Artificial Intelligence is top of mind and, at times, already essential for businesses. Building your own company GPT—a chat assistant capable of accessing internal documents, searching personal files, collecting online information, and researching details from uploaded content—is now an easily achievable goal. While there is be a large cohort of startups lathered up to offer you this service, implementing it yourself is not overly difficult. One person with a series of helpful tools can get this type of tool running in 2-5 days.
So, let’s dive into the step-by-step process on how to make your company GPT while addressing common questions like “How do I comply with my company’s privacy policies?”
This is a practical guide to developing a working internal software product for your company. It is technical but has linked resources throughout to help AI beginners understand any relevant context.

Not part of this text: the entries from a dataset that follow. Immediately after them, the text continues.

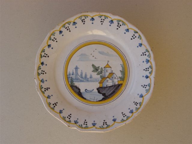 LA ROCHELLE - ASSIETTE en faïence de grand feu. Décor polychrome circulaire d'un paysage à la barque et au pont dans le bassin. Aile chantournée à frise stylisée en arcs.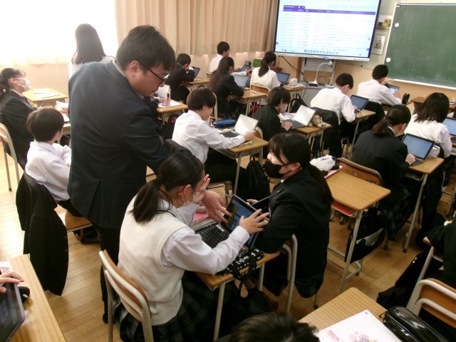 板橋区がすすめる【授業スタンダードS】に基づき、教員の指示ではなく、生徒が主体的に課題目標に沿って活動し、学習を進めていく授業でした。教員は時間管理や進捗状況を随時タブレットで把握できるので、個別的支援が十分行われている印象を受けました。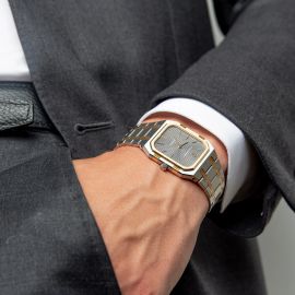 cassa in acciaio e oro 18kt, lunetta in oro giallo 18kt, quadrante ardesia, indici applicati, movimento al quarzo n. 200680 cal. 2511, bracciale acciaio e oro 18kt, fibbia deployant in acciaio, vetro minerale. Dim. mm 32x41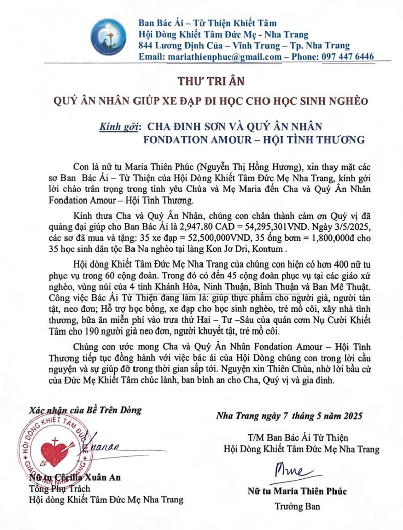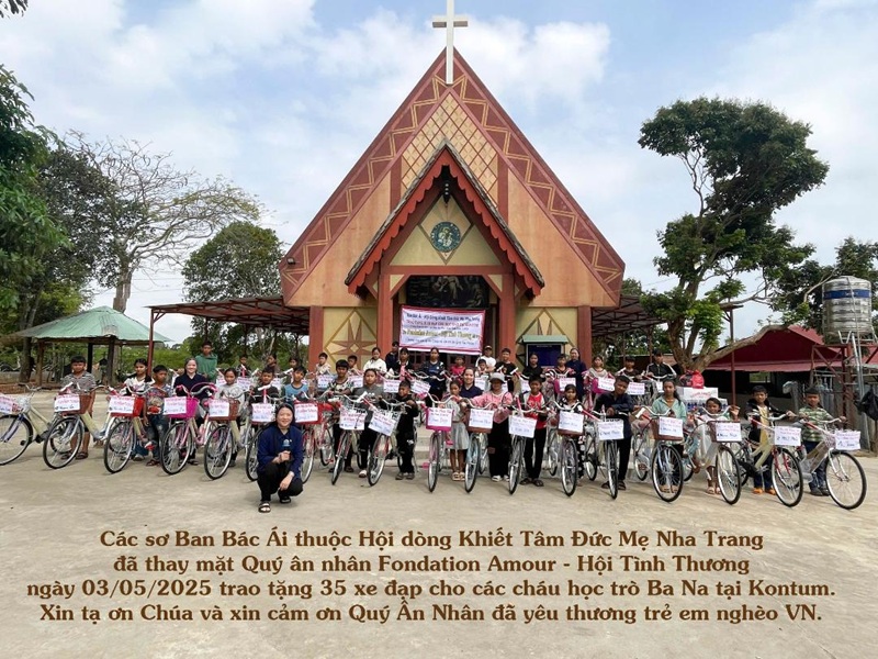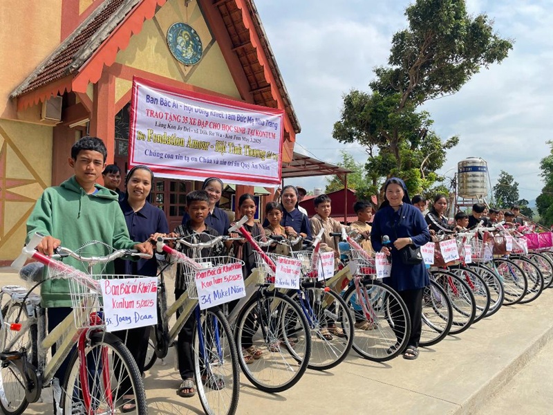 Ban Bác Ái Dòng Khiết Tâm Đức Mẹ trao 35 xe đạp do Hội Tình Thương tài trợ tại Kontum 03/05/2025

Every good AI project starts with setting the right foundation. The key pieces of this foundation are the following 1. A researching agent 2. A hosting service 3. A database and 4. A language model. For this illustrative project, we will use the following: 1. GPT Researcher’s open source code as the structure for our research agents (website, code), 2. Vercel to host the app, Weaviate to store the data, and OpenAI’s GPT4o as the language model. These products are built specifically for AI development and enable fast development with a flexible foundation for future customization.
To get started with the development of this product, go to github and clone (read “download” for non-technical people) gpt-researcher as your starting code. This will serve as the logic foundation for your company GPT and has a series of well thought out prompts and workflows that collect meaningful information from your documents. This is a straightforward—"download and run"— process, however it requires some common adjustments and setup steps. One of these steps includes adding your environment variables to your code which allows you to access your specific instance of ChatGPT, Weaviate, and other products you use in the process. This is one of many small roadblocks you might face if you are setting up this type of system for the first time, but by using an AI companion like ChatGPT or even better an “in-code” editor like Cursor you will be able to copy and paste your error messages to the AI system and quickly solve any setup issues. These issues could look like needing to download a more recent version of code that is used to support gpt-researcher, changing your setup if the original code is written for a Mac and you run a PC, or getting permission from your system administrator to change files on your computer. After your troubleshooting is done, you should be able to follow the basic instructions from the GPT Researcher team and see your own “deep-research” web agent working on your computer in a web browser as shown in last minutes of this demo video.
After setting up your company GPT with web access through a service like Tavily, as described in the gpt-researcher instructions, the critical missing piece is your own personal data. There are a wide variety of processes that can be used to add this data but this is the general process:
This process can seem overwhelming, so to simplify the initial setup, start with Google Drive by following the API documentation's setup instructions. Use a sample Drive folder and a Weaviate database for quick testing of the overall system.
You now have three search capabilities that can add information into your company GPT instance 1. Internet data 2. Company Data Across Apps 3. Direct File Uploads. The GPT researcher's original code will automatically integrate these sources by adding them to the context window of your language model. As you grow in complexity you may want to tweak how much and what type of information is pulled into these models.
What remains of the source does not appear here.